What was so fascinating about this location? 

The location we picked informs the whole project. Agdz was a main historical crossroad for the caravan routes from Marrakesh to Timbuktu and an important meeting point of different cultures. This is documented by the impressive loam (adobe) architecture and the 3,000 year old Ahwash ritual of the Berber tribes. The chosen place offered space for a laboratory, where Moroccan and German scientists, artists and students work together on questions related to sustainable rural development and cultural identity. Based on the concept of inquiry-based learning our research focuses on the following topics: Arts and Communication, Natural Resources and Development, Tangible Cultural Heritage and Society and Intercultural Dialogue.

Even though Agdz / Assalim obviously does no longer function as a trading spot for the ancient caravan routes, there are still certain traces embedded in this place. I see this place as a kind of metaphor for building possibilities in which we can rethink how to work together.

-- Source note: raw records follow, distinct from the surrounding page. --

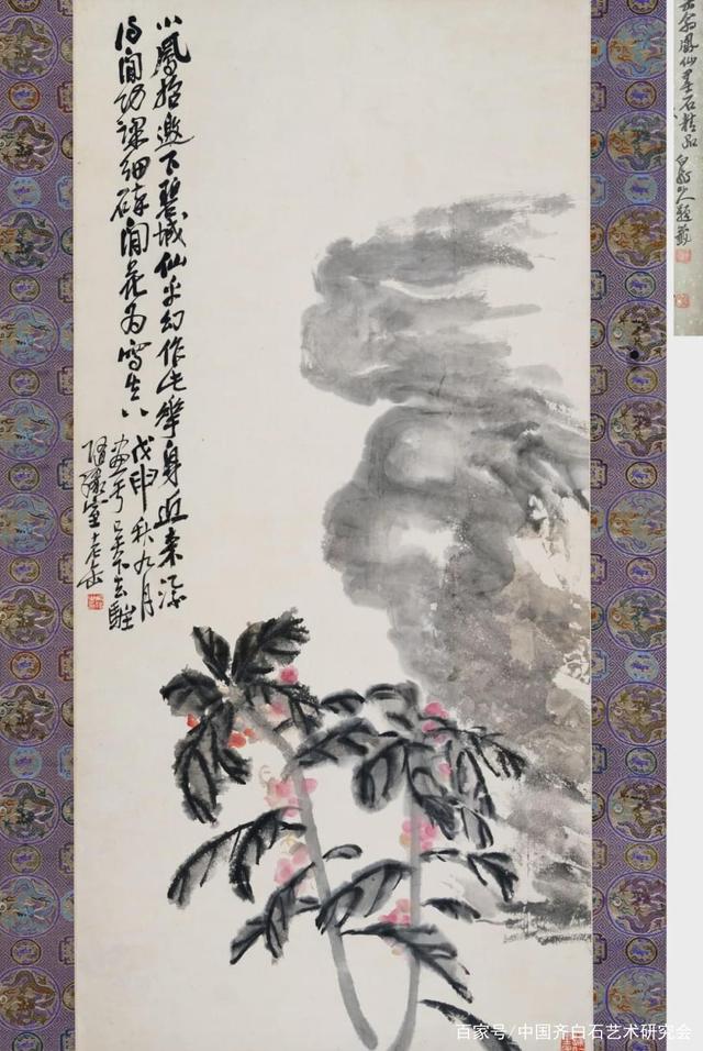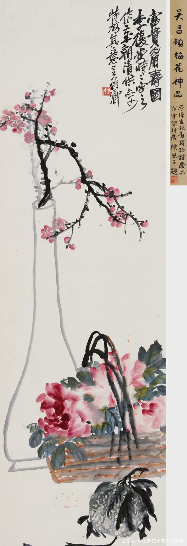 《吴昌硕画集》曾记载“为此春酒,以介眉寿”出自《诗·豳风·七月》,“扬州八怪”之一李鱓(李复堂)常以此入画境,以作岁朝清供、祈福纳祥之意。吴昌硕对于眉寿的理解也在于此。吴昌硕一生酷爱画梅,自称“苦铁道人梅知己”。“以作篆之法写之,师造化也”。他主张画梅取出世姿,要得古逸苍冷之趣,曾有诗云:“卅年学画梅,颇具吃墨量。醉来气益粗,吐向苔纸上。浪眙观者笑,酒与花同酿。法疑草圣传,气夺天池放。”该诗体现了画家突破古法、气度豁达的胸怀。古人云:“唐人尚巧,宋人尚法,元人尚意,明清尚变。”从此画中,我们可以充分感受到吴昌硕“纵横破古法”的艺术追求。其焦墨重彩,老笔纷披,正所谓“笔走龙蛇,左右逢源”也。画面形成大开大合,疏密有致的格局,使咫尺空间神采焕发,洋溢着抒情写意的气息,张扬着中国绘画的写意精神,与历史上的国画梅花大家拉开了距离,形成了自己独特的语言特征。吴昌硕曾这样说过:“小技拾人者易,创造者则难,欲自立成家,至少辛苦半世。”体现出他对艺术的创新有着极其深刻的认识。画面中心的牡丹寓意大富贵,石榴则是多子多福之意。构图采用是中国画美学“不齐觚三角”的构成法则,其内质内涵着“齐而不齐”、“不齐而齐”的会通之美。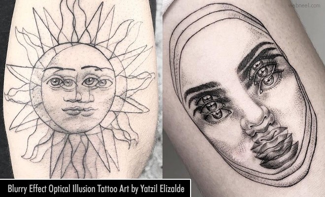 Mexican artist Yatzil Elizalde will make you focus two or three times on her optical illusion tattoos. Her tattoos feature two or three same designs which can trick your mind. Well our eyes are all blurry after taking a look at her creativity. Initially she started her career by creating illustrations, murals, digital art now however she inks on the human body. Many people call her tattoo art a double effect, trippy effect, however the artist likes to call them blurry effect tattoos. Greek mythological characters, three eyed faces are some of her favorite tattoo designs.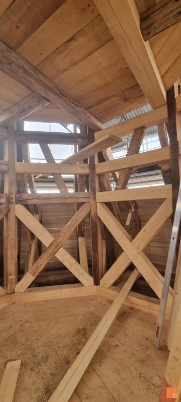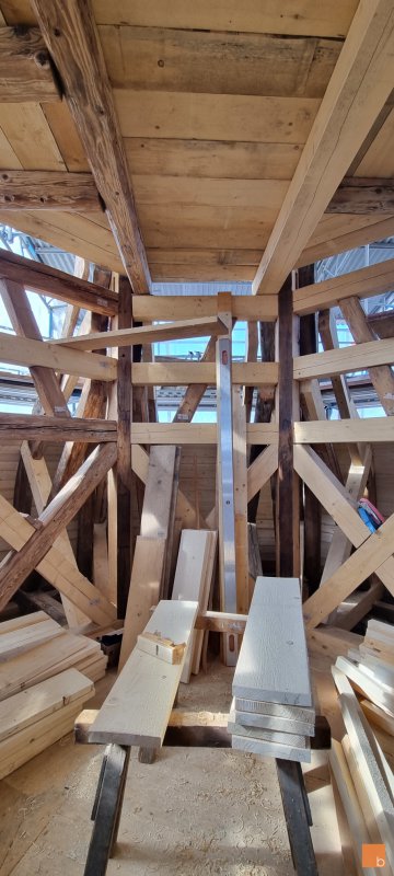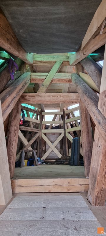 Steht man im Innern der Turmkonstruktion ist die neue Standfläche in Höhe der Mauerwerkskrone sichtbar. Diese wurde komplett neu eingebracht, sodass der Turmhelm (über der Glockenstube) sicher begangen werden kann.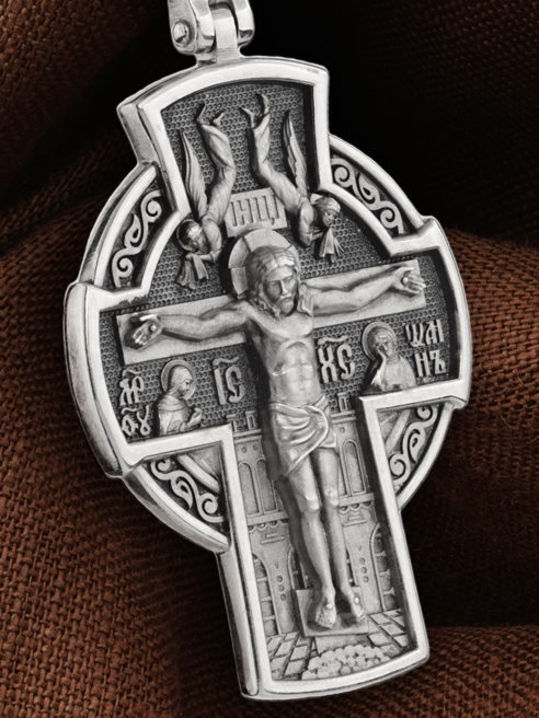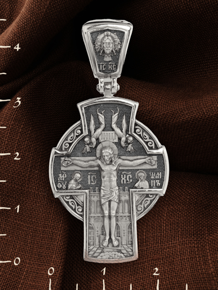 На лицевой стороне креста изображено Распятие Господа и Спасителя нашего Иисуса Христа, отдавшего Себя на смерть, для искупления грехов мира. Крест является символом жертвенной любви всеблагого Бога к падшим людям, всепобеждающим духовным оружием христиан, основанием и средоточием церковной жизни. Верхняя перекладина символизирует титло — табличку, на которой, согласно Евангелию, было начертано: Иисус Назорей Царь Иудейский (IНЦI). Надпись «IC» «ХC», означает Иисус Христос, помещается ниже поперечной перекладины креста. Слева от Распятия изображена Пресвятая Богородица, справа — апостол и евангелист Иоанн Богослов, один из ближайших учеников Иисуса Христа. За крестом высится Иерусалимская стена, в знак того, что Господь был распят вне стен города. Возвышение, на котором стоит Крест, символизирует гору Голгофу, на которой произошло Распятие. На кулонном кольце изображен Нерукотворный образ Господа и Спасителя нашего Иисуса Христа, чудесно отпечатавшийся на плате, которым Христос вытер свой лик.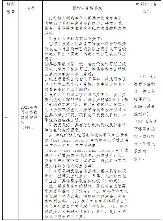 6、招标范围:2025年曹县分布式储能建设项目(EPC)的工程设计、施工等。(具体详见招标文件);
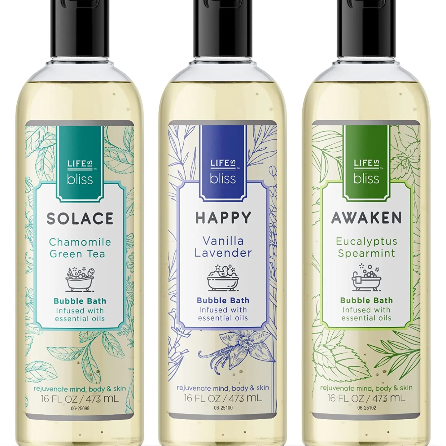 Life is Bliss | 3 Fresh & Soothing Scents | Variety Pack | Liquid Bubble Bath 16 fl oz

How did we choose the participants for this „utopian“ group? 

The idea was to try to find people with different nationalities and cultural backgrounds.

I think an important aspect of this first artlab was that there was no fixed goal for the participants. Usually when you participate in a workshop there is a goal. You think: “I will spend one week doing this workshop and I will learn to achieve this or that,” while in this case it was open.

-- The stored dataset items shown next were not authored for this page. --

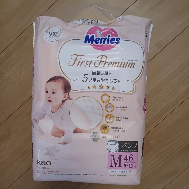 メリーズのファーストプレミアム、Mサイズのおむつです。 未開封の新品。 夫が先月サイズを間違えて購入しました…(;_;) ・ブランド:メリーズ ・商品:おむつ ・サイズ:M(6〜11kg)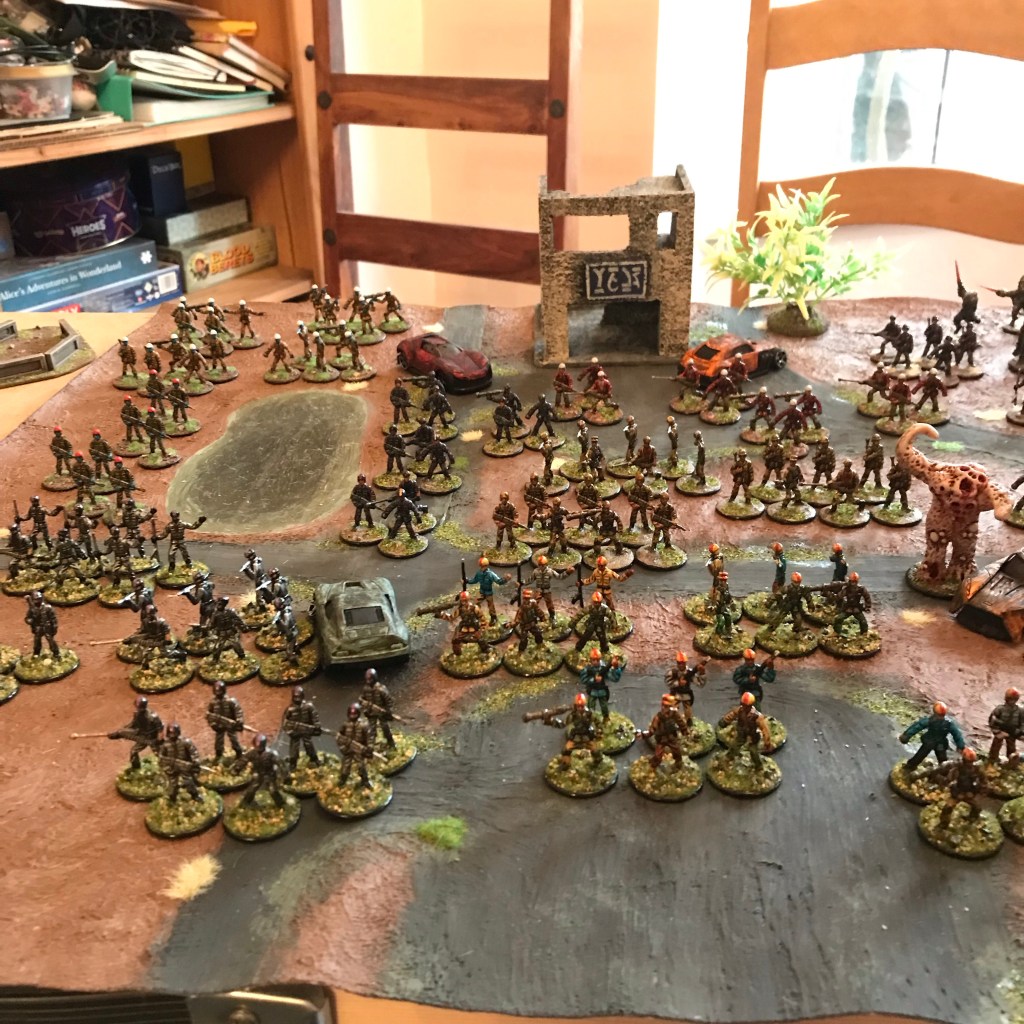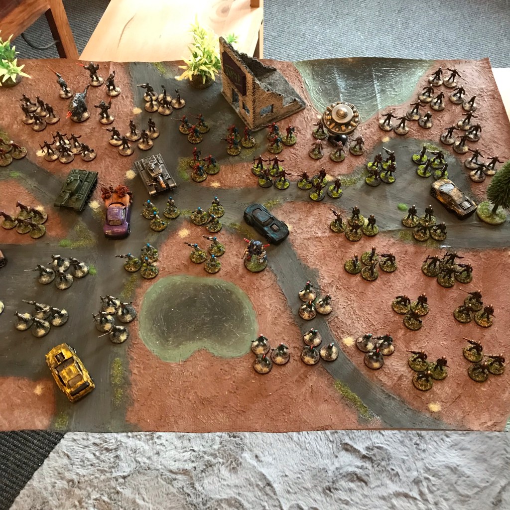 Wow, so you can fit it all on one table? I don’t think you are trying hard enough! But seriously, that’s some impressive work. If I had to add one extra element to the game I think it would be leaders – powerful enough to affect game play in some balanced way, but not over-powerful.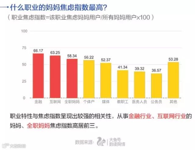报告显示,工作压力越大的妈妈,焦虑指数越高,其中从事金融、互联网行业的妈妈,焦虑人数远超其他行业。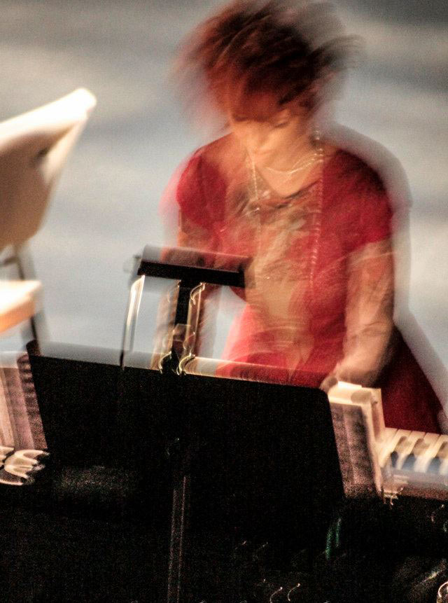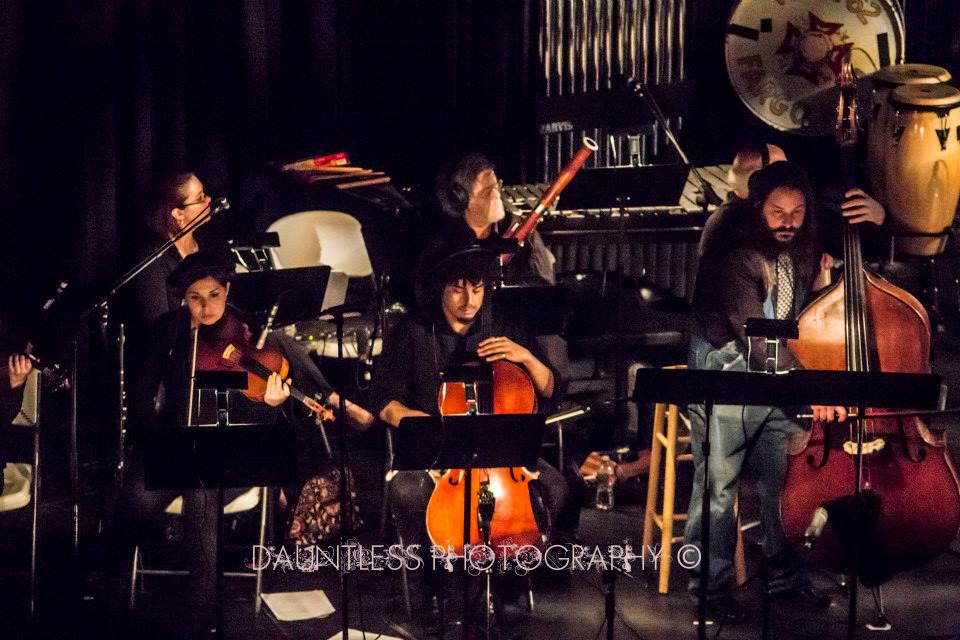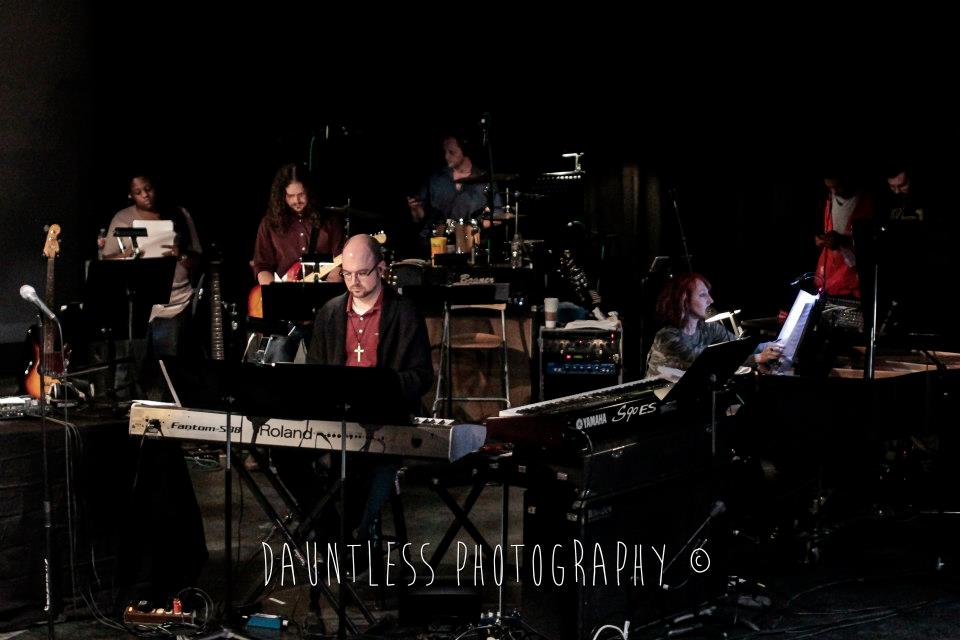 As the audience enjoys a thought-provoking and beautiful piece of cinematic history, the live soundtrack adds even greater emotional power to the experience. To achieve its broad spectrum of musical styles, Metropolis Elektro uses a rock band, a string quartet, a small choir, a rap artist, and a DJ. Additionally, the score calls for bassoon, flute, trumpet, two guitarists, and two pianists/keyboardists. The composers enjoy being part of the performance, Scott on acoustic and electric guitars and Amy on piano, Fender Rhodes, and keyboard.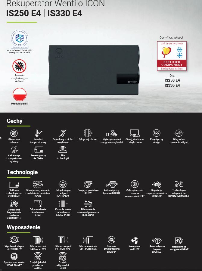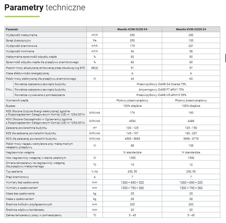 INFORMACJE - Rekuperator Rotenso Wentilo Icon IS E4:

What was the structure of the event?

It was a one-week workshop. Each day there were different activities. For instance, the first day we came together for an instant performance in the Casbah Ait el Caid. Six dancers and musicians made a choreographic proposal on how to improvise together. After this happening we were able to exchange on our associations, observations and feelings about the event. This was one of many different activities. Each of them touched on something different: exchanging on learning techniques, artistic practices, Ahwash, discussions, excursions, interdisciplinary work, socio-cultural aspects.

Some of the participants held interviews with local experts as part of their research on sociological, ecological aspects of the project.
For our exchange we used techniques from dance, music and performance as tools to create an environment of openess, curiousity, sensitivity and awareness.

What was our role?

Holger and my role has been very similar to the role of facilitators inviting people to create a group. As facilitators we tried to reflect on the place as well as the needs of the group to allow the participants to develop their own ideas, making contributions to collective action, taking up, continuing, furthering, and thereby slightly bending and turning something conceived and initiated by someone else.

In this workshop week we were constantly switching role from being observer to participant. I think that was an important move to invite the aspect of dynamic and change (change of role, change of perspective etc.) into the group.

We also added techniques related to feedback processes to the workshop.

From the perspective of designing an interaction rather then a judgemental situation we encouraged opportunities to exchange and share rather then to state and judge a situation. Giving and receiving feedback in the body-based field of dance practice performs the idea of a self-actualising process, a mutual, interpersonal concept, a participatory principle of learning and exchanging. Especially in a cultural dialogue it seems crucial to scrutinize the complex entanglement of perceiving – conceiving and understanding and to engage.

In this sense engaging feedback processes helped to never go against the partner’s movement but use its momentum for accomplishing one´s own goal. Working with the proposals of our partners we got into a kind of flow. Over the course of the week obstacles would interrupt this flow less and less often, and the overall tendency was to become more and more cooperative and concentrate on modifying and engaging into objections.

We were all very optimistic after the workshop. Of course there were irritations because the participants had different opinions, backgrounds and needs. But because we stayed together for a week and had these moderated workshops together, we developed a level of trust between us. We became a kind of temporal community.